Segment Start: Records for processing
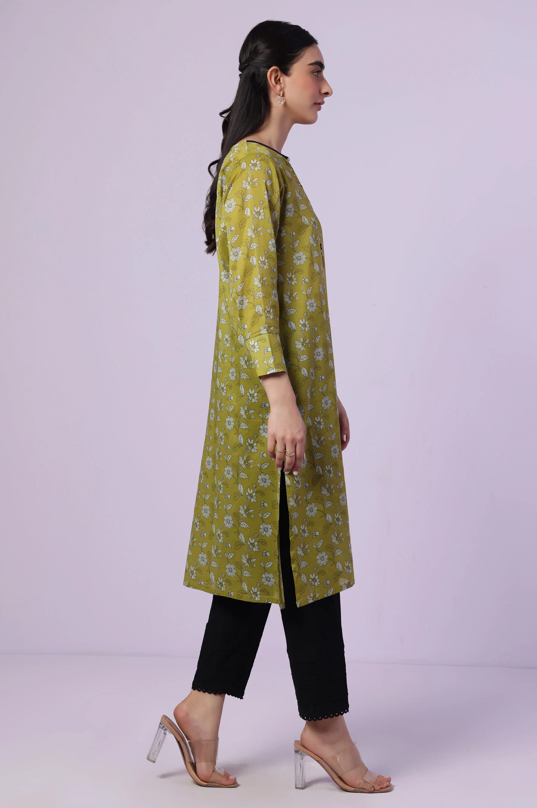 Elevate your casual style with this stitched 1 piece printed lawn shirt in lime green. This regular fit shirt features an English floral print with colorful detailing and stitching accents. This shirt offers a relaxed yet stylish look.
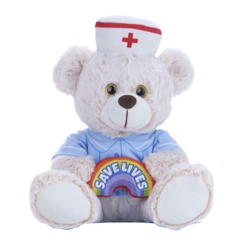 Ένα υπέροχο λούτρινο αρκουδάκι σε μπεζ χρώμα, ντυμένο νοσοκόμα με μήνυμα "Save Lives" ! Τα ματάκια του είναι αστραφτερά ασημένια με glitter.Ένα λούτρινο που φωλιάζει ευχάριστα στην αγκαλιά!
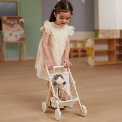 Schenken Sie Kindern ein realistisches Eltern-Rollenspiel mit einem eleganten Holzpuppenwagen. Zeitloses Design, hochwertige Materialien und eine sichere Verarbeitung sorgen dafür, dass jeder „Ausflug“ mit der Puppe bequem und leise ist. Gummilaufflächen an den Rädern reduzieren Bodengeräusche und erhöhen die Stabilität bei den ersten Schritten.
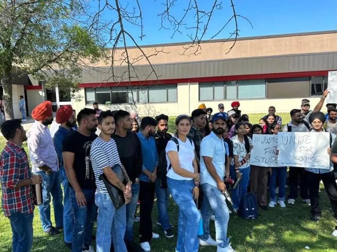 കാനഡയില് പ്രതിഷേധിച്ച വിദ്യാര്ത്ഥികള് കോളേജ് ഗ്രൗണ്ടിന് സമീപത്തെ ടെന്റിലാണ് താമസിച്ചിരുന്നത്. സെപ്റ്റംബറില് ആരംഭിക്കുന്ന പുതിയ അധ്യയന വര്ഷത്തിന്റെ തുടക്കത്തില് 3,500 വിദേശ വിദ്യാര്ത്ഥികള് കാനഡയില് എത്തി. ഉയര്ന്ന വാടകയും നോര്ത്ത് ബേയുടെ ചെറിയ വലിപ്പവും കാരണം വിദ്യാര്ത്ഥികള്ക്ക് മിതമായ നിരക്കില് താമസസ്ഥലം കണ്ടെത്തുക ബുദ്ധിമുട്ടായിത്തീർന്നു. ഇതേത്തുടർന്നാണ് പ്രതിഷേധമുയർന്നത്.
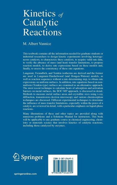 Definitions and Concepts.- Catalyst Characterization.- Acquisition and Evaluation of Reaction Rate Data.- Adsorption and Desorption Processes.- Kinetic Data Analysis and Evaluation of Model Parameters for Uniform (Ideal) Surfaces.- Modeling Reactions on Uniform (Ideal) Surfaces.- Modeling Reactions on Nonuniform (Nonideal) Surfaces.- Kinetics of Enzyme-Catalyzed Reactions.
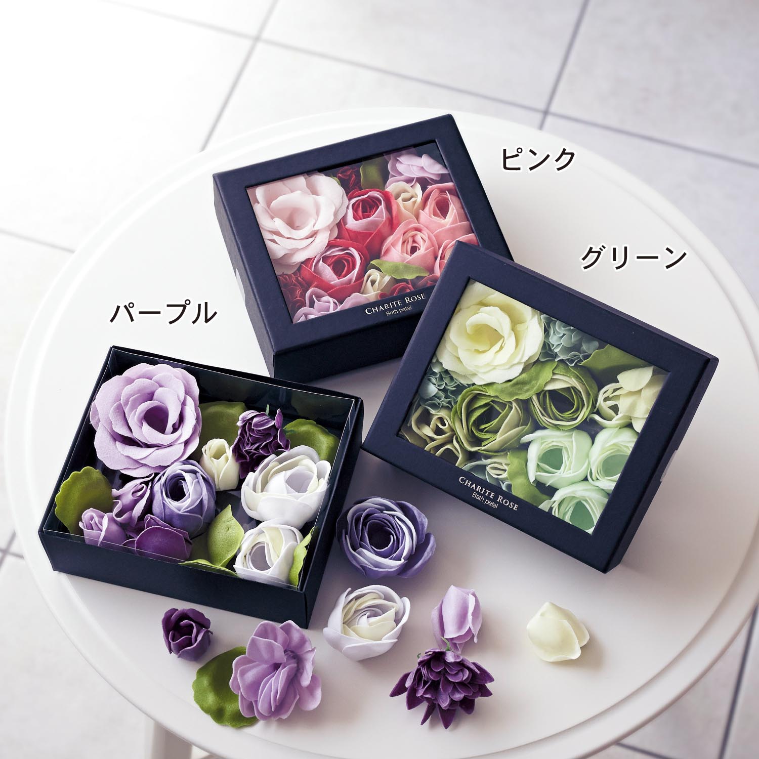 ●「グリーン」はタイディローズ(爽やかでおしとやかなローズの香り)、「パープル」はロマンスローズ(しっとりとした妖艶なローズの香り)、「ピンク」はグロスローズ(艶やかで気品のあるローズの香り)の3種類の色&香りをご用意しました
Segment End: Records for processing
## Exercise directions
Repeat exactly and only the lines from the start of the data above through the line that holds "Ένα υπέροχο λούτρινο", inclusive. Pictures do not belong in the copy.

## Answer
 Elevate your casual style with this stitched 1 piece printed lawn shirt in lime green. This regular fit shirt features an English floral print with colorful detailing and stitching accents. This shirt offers a relaxed yet stylish look.
 Ένα υπέροχο λούτρινο αρκουδάκι σε μπεζ χρώμα, ντυμένο νοσοκόμα με μήνυμα "Save Lives" ! Τα ματάκια του είναι αστραφτερά ασημένια με glitter.Ένα λούτρινο που φωλιάζει ευχάριστα στην αγκαλιά!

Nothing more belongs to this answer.